• Task requirements: Leave out the images and repeat the listing below without a single change.

• Information provided:

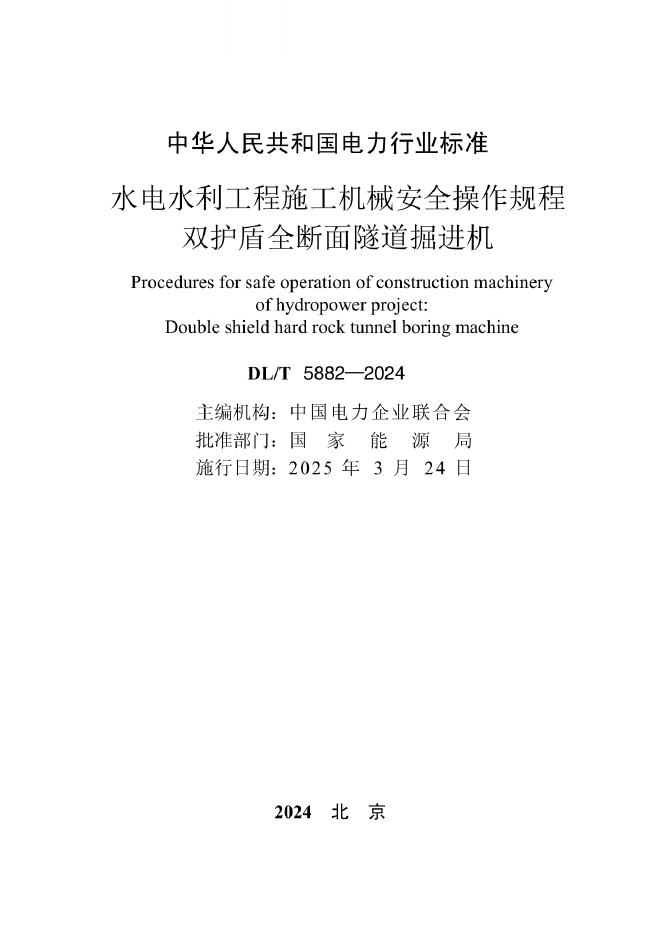 DL/T 5882-2024 水电水利工程施工机械安全操作规程 双护盾全断面隧道掘进机(附条文说明)
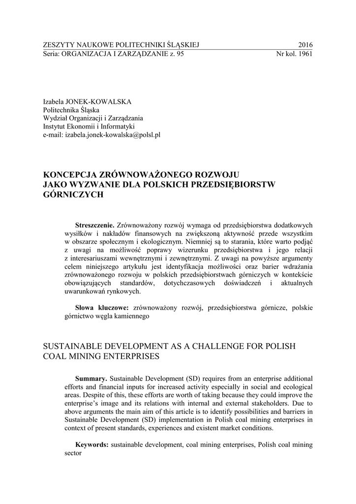 ZESZYTY NAUKOWE POLITECHNIKI ŚLĄSKIEJ Seria: ORGANIZACJA I ZARZĄDZANIE z. 95 2016 Nr kol. 1961 Izabela JONEK-KOWALSKA Politechnika Śląska Wydział Organizacji i Zarządzania Instytut Ekonomii i Informatyki e-mail: [email protected] KONCEPCJA ZRÓWNOWAŻONEGO ROZWOJU JAKO WYZWANIE DLA POLSKICH PRZEDSIĘBIORSTW GÓRNICZYCH Streszczenie. Zrównoważony rozwój wymaga od przedsiębiorstwa dodatkowych wysiłków i nakładów finansowych na zwiększoną aktywność przede wszystkim w obszarze społecznym i ekologicznym. Niemniej są to starania, które warto podjąć z uwagi na możliwość poprawy wizerunku przedsiębiorstwa i jego relacji z interesariuszami wewnętrznymi i zewnętrznymi. Z uwagi na powyższe argumenty celem niniejszego artykułu jest identyfikacja możliwości oraz barier wdrażania zrównoważonego rozwoju w polskich przedsiębiorstwach górniczych w kontekście obowiązujących standardów, dotychczasowych doświadczeń i aktualnych uwarunkowań rynkowych. Słowa kluczowe: zrównoważony rozwój, przedsiębiorstwa górnicze, polskie górnictwo węgla kamiennego SUSTAINABLE DEVELOPMENT AS A CHALLENGE FOR POLISH COAL MINING ENTERPRISES Summary. Sustainable Development (SD) requires from an enterprise additional efforts and financial inputs for increased activity especially in social and ecological areas. Despite of this, these efforts are worth of taking because they could improve the enterprise’s image and its relations with internal and external stakeholders. Due to above arguments the main aim of this article is to identify possibilities and barriers in Sustainable Development (SD) implementation in Polish coal mining enterprises in context of present standards, experiences and existent market conditions. Keywords: sustainable development, coal mining enterprises, Polish coal mining sector 132 I. Jonek-Kowalska 1. Wprowadzenie W koncepcji zrównoważonego rozwoju do priorytetów ekonomicznych dodaje się cele etyczne, społeczne i ekologiczne, zakładając, że jedynie ich współrealizacja może zapewnić społeczeństwom i ludzkości przetrwanie w długim horyzoncie czasowym 1. Takie podejście jest logiczne i racjonalne również z ekonomicznego punktu widzenia, ponieważ wyłącznie rozsądne gospodarowanie zasobami może zapewnić odpowiednie warunki życiowe przyszłym pokoleniom. Niemniej jednak przedsiębiorstwa i instytucje życia gospodarczego funkcjonujące w gospodarce rynkowej od lat są przyzwyczajone do prymatu efektywności ekonomicznej nad efektywnością społeczną czy ekologiczną2. Dlatego też skuteczne, a nie tylko wizerunkowe wdrażanie koncepcji zrównoważonego rozwoju w przedsiębiorstwach i instytucjach komercyjnych jest zadaniem niezwykle skomplikowanym i czasochłonnym. W niektórych branżach dodatkowo komplikuje je szereg specyficznych uwarunkowań sektorowych. Do takich branż niewątpliwie można zaliczyć te, które ponadprzeciętnie degradują środowisko naturalne, czy też ponadprzeciętnie narażają zdrowie i życie zatrudnionych w nich pracowników oraz społeczności lokalnych i regionalnych. Mając na uwadze powyższe okoliczności, w niniejszym artykule rozpatruje się koncepcję zrównoważonego rozwoju jako wyzwanie dla polskich przedsiębiorstw górniczych. Głównym celem prowadzonych w tym zakresie rozważań jest identyfikacja możliwości oraz barier wdrażania zrównoważonego rozwoju w polskich przedsiębiorstwach górniczych w kontekście obowiązujących standardów, dotychczasowych doświadczeń i aktualnych uwarunkowań rynkowych. By tak postawiony cel zrealizować, w pierwszej części artykułu przedstawiono krótki przegląd literatury z zakresu problematyki zrównoważonego rozwoju. Następnie przedstawiono standardy obowiązujące w zakresie wdrażania tej koncepcji w przedsiębiorstwach górniczych. Na kanwie ogólnych rozważań przeprowadzono analizę możliwości i barier wdrożenia zrównoważonego rozwoju w polskich przedsiębiorstwach górniczych. W artykule wykorzystano krajowe i zagraniczne studia literaturowe z zakresu wdrażania koncepcji zrównoważonego rozwoju w przedsiębiorstwach górniczych. Posłużono się analizą międzynarodowych standardów wdrażania SD oraz danymi statystycznymi dotyczącymi funkcjonowania polskich przedsiębiorstw górniczych. W podsumowaniu zawarto wskazówki pod adresem uskutecznienia procesu wdrażania koncepcji zrównoważonego rozwoju w polskim górnictwie węgla kamiennego. 1 2 Szerzej: Kuzior A., Kiepas A., Leks-Bujak E.: Zrównoważony rozwój. M-Studio, Katowice 2001; Kuzior A.: Zrównoważony rozwój w edukacji ekologicznej, [w:] Papuziński A.: Zrównoważony rozwój. Od utopii do praw człowieka. Oficyna Wydawnicza Branta, Bydgoszcz 2005, s. 279-293. Por. Zieliński M.: Efektywność – ujęcie ekonomiczne i społeczne. Zeszyty Naukowe, s. Organizacja i Zarządzanie, z. 66. Politechnika Śląska, Gliwice 2013, s. 15-25; Zieliński M.: Korzyści z wdrożenia koncepcji CSR w zarządzaniu zasobami ludzkimi. Zeszyty Naukowe, s. Organizacja i Zarządzanie, z. 74. Politechnika Śląska, Gliwice 2014, s. 653-663. Koncepcja zrównoważonego rozwoju… 133 2. Koncepcja zrównoważonego rozwoju w świetle literatury przedmiotu Koncepcja zrównoważonego rozwoju powstała na przełomie lat sześćdziesiątych i siedemdziesiątych XX wieku i została rozwinięta w 1992 roku na Szczycie Ziemi w Rio de Janeiro, gdzie w Agendzie 21 ustalono podstawy jej kluczowych założeń. W XXI wieku koncepcja ta była systematycznie rozwijana i propagowana, między innymi na forum Organizacji Narodów Zjednoczonych oraz UNESCO. Propagatorzy idei zrównoważonego rozwoju stawiali sobie za cel wzrost poziomu życia ludności, zahamowanie degradacji środowiska naturalnego oraz powstrzymanie rozprzestrzeniania się chorób zakaźnych, w tym przede wszystkim AIDS3. U podstaw tej koncepcji niewątpliwie znalazła się idea równości społecznej, konieczność ochrony ekosystemów
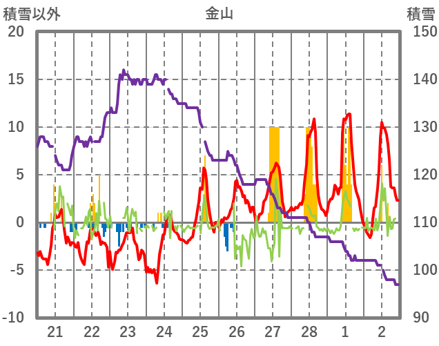| 日 | 時 | 気温 | 降水 | 風向/風速 | 日照 | 積雪 | 降雪 |
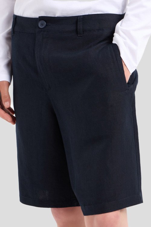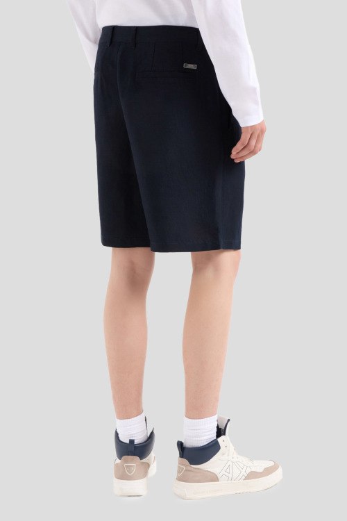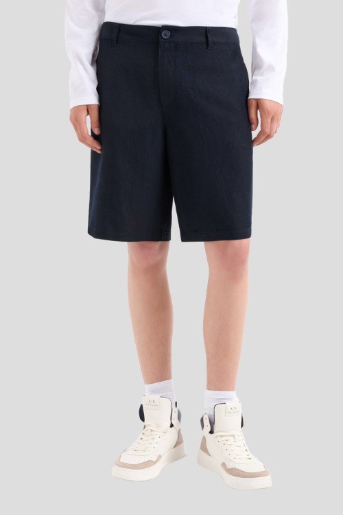 Детали: Мужские темно-синие хлопковые шорты от Armani Exchange (Армани Эксчендж). Боковые и задние карманы, пояс с петлями для ремня, длина до колен

• Final answer:
 DL/T 5882-2024 水电水利工程施工机械安全操作规程 双护盾全断面隧道掘进机(附条文说明)
 ZESZYTY NAUKOWE POLITECHNIKI ŚLĄSKIEJ Seria: ORGANIZACJA I ZARZĄDZANIE z. 95 2016 Nr kol. 1961 Izabela JONEK-KOWALSKA Politechnika Śląska Wydział Organizacji i Zarządzania Instytut Ekonomii i Informatyki e-mail: [email protected] KONCEPCJA ZRÓWNOWAŻONEGO ROZWOJU JAKO WYZWANIE DLA POLSKICH PRZEDSIĘBIORSTW GÓRNICZYCH Streszczenie. Zrównoważony rozwój wymaga od przedsiębiorstwa dodatkowych wysiłków i nakładów finansowych na zwiększoną aktywność przede wszystkim w obszarze społecznym i ekologicznym. Niemniej są to starania, które warto podjąć z uwagi na możliwość poprawy wizerunku przedsiębiorstwa i jego relacji z interesariuszami wewnętrznymi i zewnętrznymi. Z uwagi na powyższe argumenty celem niniejszego artykułu jest identyfikacja możliwości oraz barier wdrażania zrównoważonego rozwoju w polskich przedsiębiorstwach górniczych w kontekście obowiązujących standardów, dotychczasowych doświadczeń i aktualnych uwarunkowań rynkowych. Słowa kluczowe: zrównoważony rozwój, przedsiębiorstwa górnicze, polskie górnictwo węgla kamiennego SUSTAINABLE DEVELOPMENT AS A CHALLENGE FOR POLISH COAL MINING ENTERPRISES Summary. Sustainable Development (SD) requires from an enterprise additional efforts and financial inputs for increased activity especially in social and ecological areas. Despite of this, these efforts are worth of taking because they could improve the enterprise’s image and its relations with internal and external stakeholders. Due to above arguments the main aim of this article is to identify possibilities and barriers in Sustainable Development (SD) implementation in Polish coal mining enterprises in context of present standards, experiences and existent market conditions. Keywords: sustainable development, coal mining enterprises, Polish coal mining sector 132 I. Jonek-Kowalska 1. Wprowadzenie W koncepcji zrównoważonego rozwoju do priorytetów ekonomicznych dodaje się cele etyczne, społeczne i ekologiczne, zakładając, że jedynie ich współrealizacja może zapewnić społeczeństwom i ludzkości przetrwanie w długim horyzoncie czasowym 1. Takie podejście jest logiczne i racjonalne również z ekonomicznego punktu widzenia, ponieważ wyłącznie rozsądne gospodarowanie zasobami może zapewnić odpowiednie warunki życiowe przyszłym pokoleniom. Niemniej jednak przedsiębiorstwa i instytucje życia gospodarczego funkcjonujące w gospodarce rynkowej od lat są przyzwyczajone do prymatu efektywności ekonomicznej nad efektywnością społeczną czy ekologiczną2. Dlatego też skuteczne, a nie tylko wizerunkowe wdrażanie koncepcji zrównoważonego rozwoju w przedsiębiorstwach i instytucjach komercyjnych jest zadaniem niezwykle skomplikowanym i czasochłonnym. W niektórych branżach dodatkowo komplikuje je szereg specyficznych uwarunkowań sektorowych. Do takich branż niewątpliwie można zaliczyć te, które ponadprzeciętnie degradują środowisko naturalne, czy też ponadprzeciętnie narażają zdrowie i życie zatrudnionych w nich pracowników oraz społeczności lokalnych i regionalnych. Mając na uwadze powyższe okoliczności, w niniejszym artykule rozpatruje się koncepcję zrównoważonego rozwoju jako wyzwanie dla polskich przedsiębiorstw górniczych. Głównym celem prowadzonych w tym zakresie rozważań jest identyfikacja możliwości oraz barier wdrażania zrównoważonego rozwoju w polskich przedsiębiorstwach górniczych w kontekście obowiązujących standardów, dotychczasowych doświadczeń i aktualnych uwarunkowań rynkowych. By tak postawiony cel zrealizować, w pierwszej części artykułu przedstawiono krótki przegląd literatury z zakresu problematyki zrównoważonego rozwoju. Następnie przedstawiono standardy obowiązujące w zakresie wdrażania tej koncepcji w przedsiębiorstwach górniczych. Na kanwie ogólnych rozważań przeprowadzono analizę możliwości i barier wdrożenia zrównoważonego rozwoju w polskich przedsiębiorstwach górniczych. W artykule wykorzystano krajowe i zagraniczne studia literaturowe z zakresu wdrażania koncepcji zrównoważonego rozwoju w przedsiębiorstwach górniczych. Posłużono się analizą międzynarodowych standardów wdrażania SD oraz danymi statystycznymi dotyczącymi funkcjonowania polskich przedsiębiorstw górniczych. W podsumowaniu zawarto wskazówki pod adresem uskutecznienia procesu wdrażania koncepcji zrównoważonego rozwoju w polskim górnictwie węgla kamiennego. 1 2 Szerzej: Kuzior A., Kiepas A., Leks-Bujak E.: Zrównoważony rozwój. M-Studio, Katowice 2001; Kuzior A.: Zrównoważony rozwój w edukacji ekologicznej, [w:] Papuziński A.: Zrównoważony rozwój. Od utopii do praw człowieka. Oficyna Wydawnicza Branta, Bydgoszcz 2005, s. 279-293. Por. Zieliński M.: Efektywność – ujęcie ekonomiczne i społeczne. Zeszyty Naukowe, s. Organizacja i Zarządzanie, z. 66. Politechnika Śląska, Gliwice 2013, s. 15-25; Zieliński M.: Korzyści z wdrożenia koncepcji CSR w zarządzaniu zasobami ludzkimi. Zeszyty Naukowe, s. Organizacja i Zarządzanie, z. 74. Politechnika Śląska, Gliwice 2014, s. 653-663. Koncepcja zrównoważonego rozwoju… 133 2. Koncepcja zrównoważonego rozwoju w świetle literatury przedmiotu Koncepcja zrównoważonego rozwoju powstała na przełomie lat sześćdziesiątych i siedemdziesiątych XX wieku i została rozwinięta w 1992 roku na Szczycie Ziemi w Rio de Janeiro, gdzie w Agendzie 21 ustalono podstawy jej kluczowych założeń. W XXI wieku koncepcja ta była systematycznie rozwijana i propagowana, między innymi na forum Organizacji Narodów Zjednoczonych oraz UNESCO. Propagatorzy idei zrównoważonego rozwoju stawiali sobie za cel wzrost poziomu życia ludności, zahamowanie degradacji środowiska naturalnego oraz powstrzymanie rozprzestrzeniania się chorób zakaźnych, w tym przede wszystkim AIDS3. U podstaw tej koncepcji niewątpliwie znalazła się idea równości społecznej, konieczność ochrony ekosystemów
| 日 | 時 | 気温 | 降水 | 風向/風速 | 日照 | 積雪 | 降雪 |
 Детали: Мужские темно-синие хлопковые шорты от Armani Exchange (Армани Эксчендж). Боковые и задние карманы, пояс с петлями для ремня, длина до колен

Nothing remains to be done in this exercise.